Exercise requirements: Leave out every picture and set down, exactly, the lines below from the one holding "Spaghetti Strap Sleeveless" up to and including the one holding "Streamline your coffee".

Segment Start: Source material

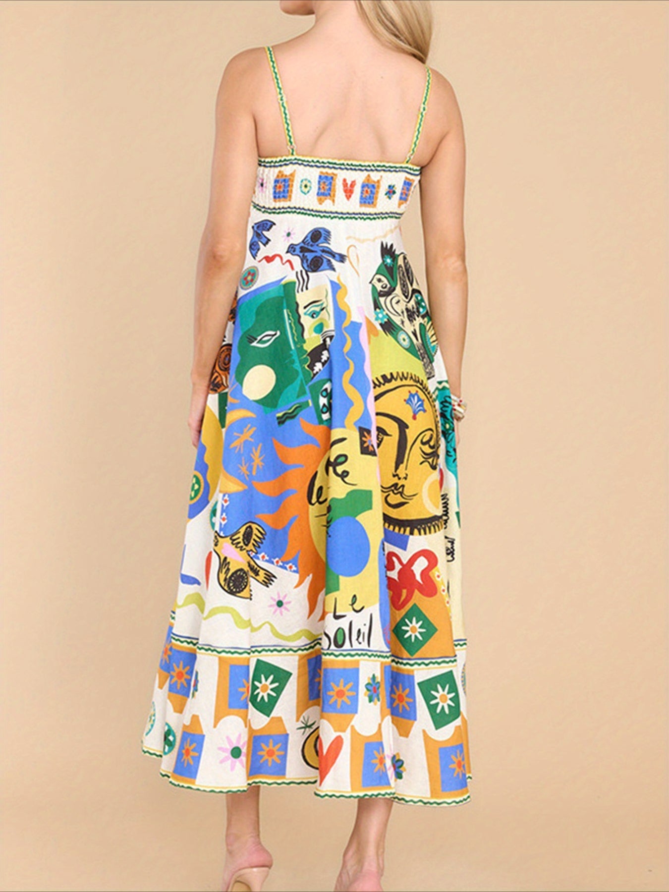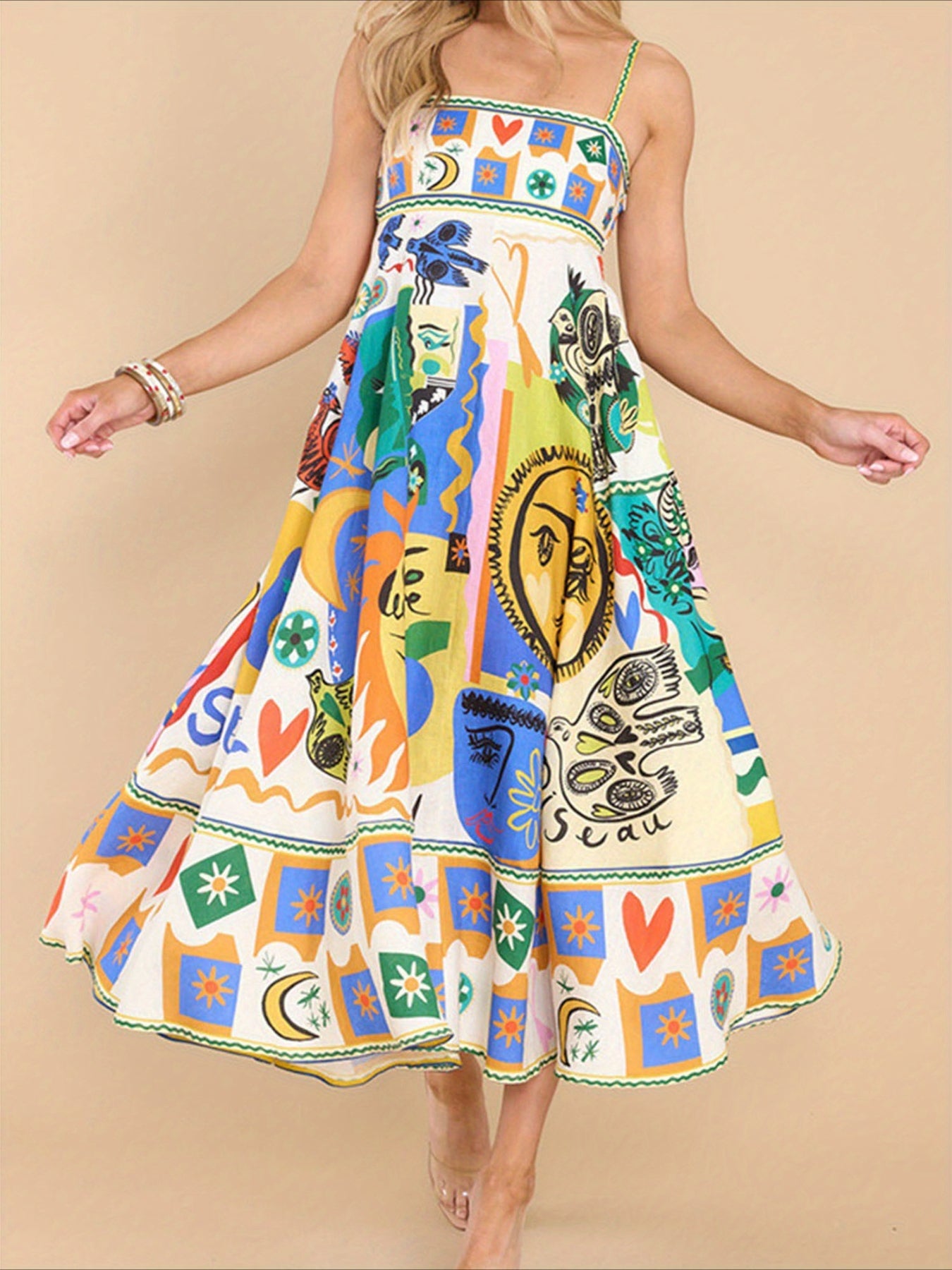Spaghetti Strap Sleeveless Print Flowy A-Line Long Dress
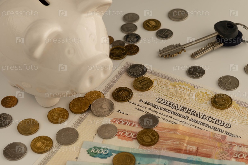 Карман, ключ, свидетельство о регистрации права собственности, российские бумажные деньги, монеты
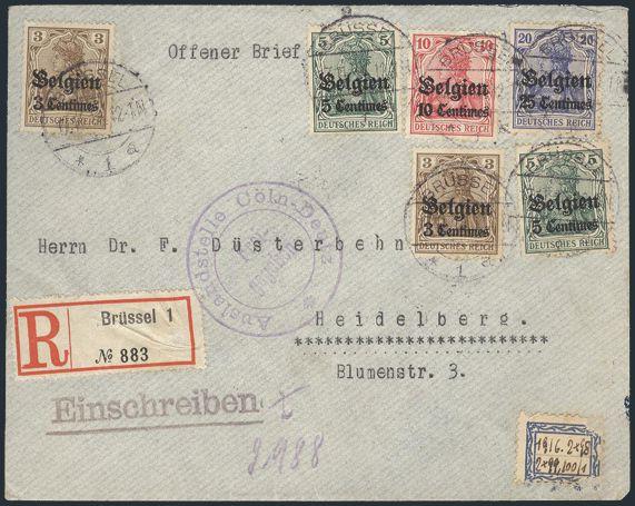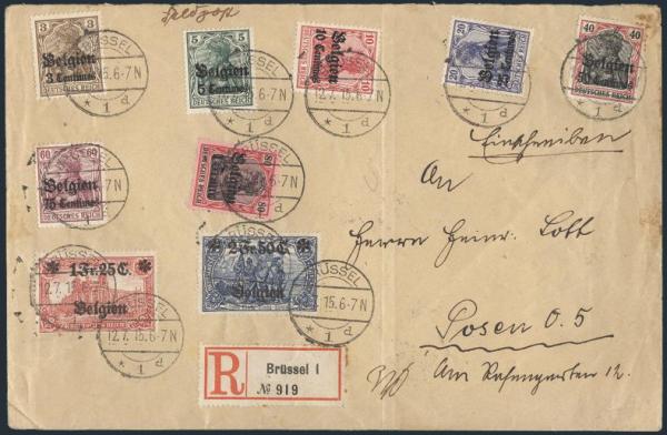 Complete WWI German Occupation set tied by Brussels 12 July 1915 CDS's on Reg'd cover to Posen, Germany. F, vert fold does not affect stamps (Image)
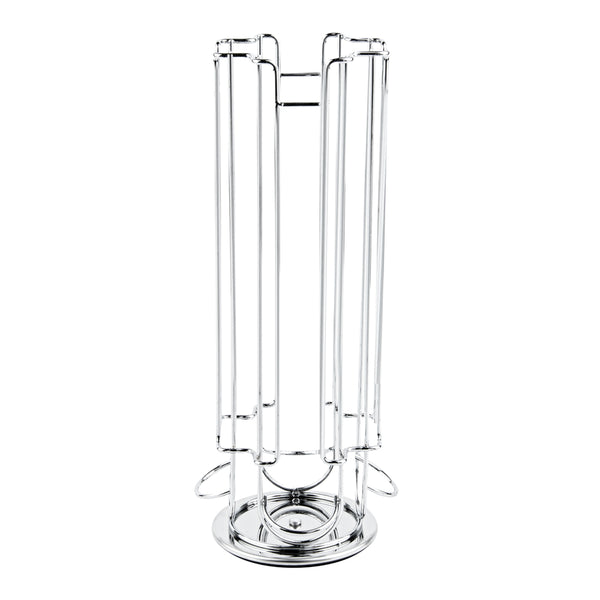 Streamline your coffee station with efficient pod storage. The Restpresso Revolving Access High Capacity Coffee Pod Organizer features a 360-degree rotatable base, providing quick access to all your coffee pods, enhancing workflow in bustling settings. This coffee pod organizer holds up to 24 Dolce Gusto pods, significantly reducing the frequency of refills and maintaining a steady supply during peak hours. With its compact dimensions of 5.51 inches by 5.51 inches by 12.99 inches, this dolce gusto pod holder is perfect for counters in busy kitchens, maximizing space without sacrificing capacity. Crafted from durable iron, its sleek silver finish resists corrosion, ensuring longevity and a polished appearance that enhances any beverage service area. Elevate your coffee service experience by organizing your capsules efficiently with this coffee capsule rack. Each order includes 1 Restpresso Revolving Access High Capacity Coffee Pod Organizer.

Segment End: Source material
Segment Start: Source material

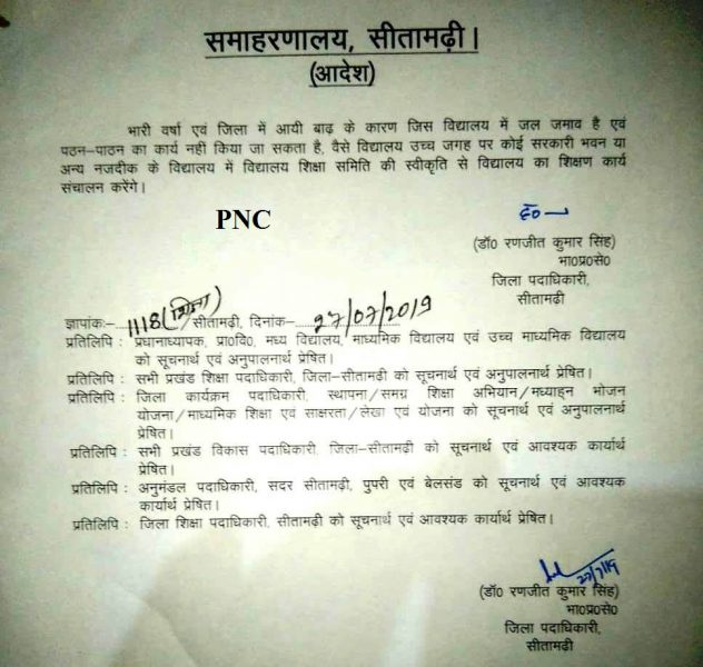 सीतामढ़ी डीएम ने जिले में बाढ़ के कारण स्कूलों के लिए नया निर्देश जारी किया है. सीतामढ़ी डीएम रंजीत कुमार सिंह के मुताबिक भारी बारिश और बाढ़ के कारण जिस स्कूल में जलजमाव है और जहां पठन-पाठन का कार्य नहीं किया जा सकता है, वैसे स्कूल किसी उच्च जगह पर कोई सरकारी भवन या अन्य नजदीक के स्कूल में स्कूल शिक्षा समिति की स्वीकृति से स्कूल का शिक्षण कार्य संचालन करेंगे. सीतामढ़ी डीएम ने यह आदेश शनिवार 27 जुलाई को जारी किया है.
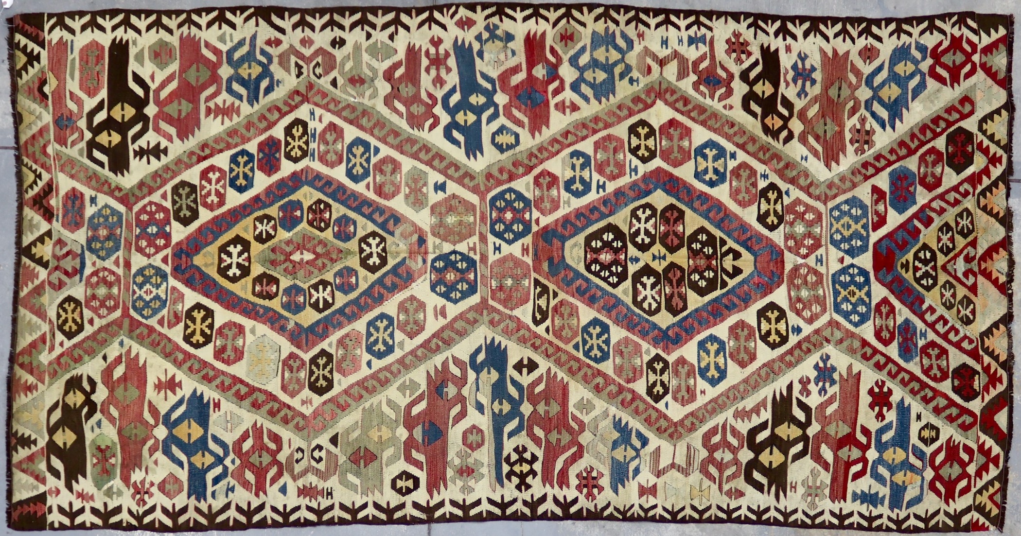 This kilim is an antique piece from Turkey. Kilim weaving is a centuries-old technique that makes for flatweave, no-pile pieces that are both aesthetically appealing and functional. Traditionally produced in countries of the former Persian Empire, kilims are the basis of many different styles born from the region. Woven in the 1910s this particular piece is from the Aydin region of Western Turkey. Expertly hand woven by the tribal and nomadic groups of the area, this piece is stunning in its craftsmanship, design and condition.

Segment End: Source material

Response for this exercise:
Spaghetti Strap Sleeveless Print Flowy A-Line Long Dress
 Карман, ключ, свидетельство о регистрации права собственности, российские бумажные деньги, монеты
 Complete WWI German Occupation set tied by Brussels 12 July 1915 CDS's on Reg'd cover to Posen, Germany. F, vert fold does not affect stamps (Image)
 Streamline your coffee station with efficient pod storage. The Restpresso Revolving Access High Capacity Coffee Pod Organizer features a 360-degree rotatable base, providing quick access to all your coffee pods, enhancing workflow in bustling settings. This coffee pod organizer holds up to 24 Dolce Gusto pods, significantly reducing the frequency of refills and maintaining a steady supply during peak hours. With its compact dimensions of 5.51 inches by 5.51 inches by 12.99 inches, this dolce gusto pod holder is perfect for counters in busy kitchens, maximizing space without sacrificing capacity. Crafted from durable iron, its sleek silver finish resists corrosion, ensuring longevity and a polished appearance that enhances any beverage service area. Elevate your coffee service experience by organizing your capsules efficiently with this coffee capsule rack. Each order includes 1 Restpresso Revolving Access High Capacity Coffee Pod Organizer.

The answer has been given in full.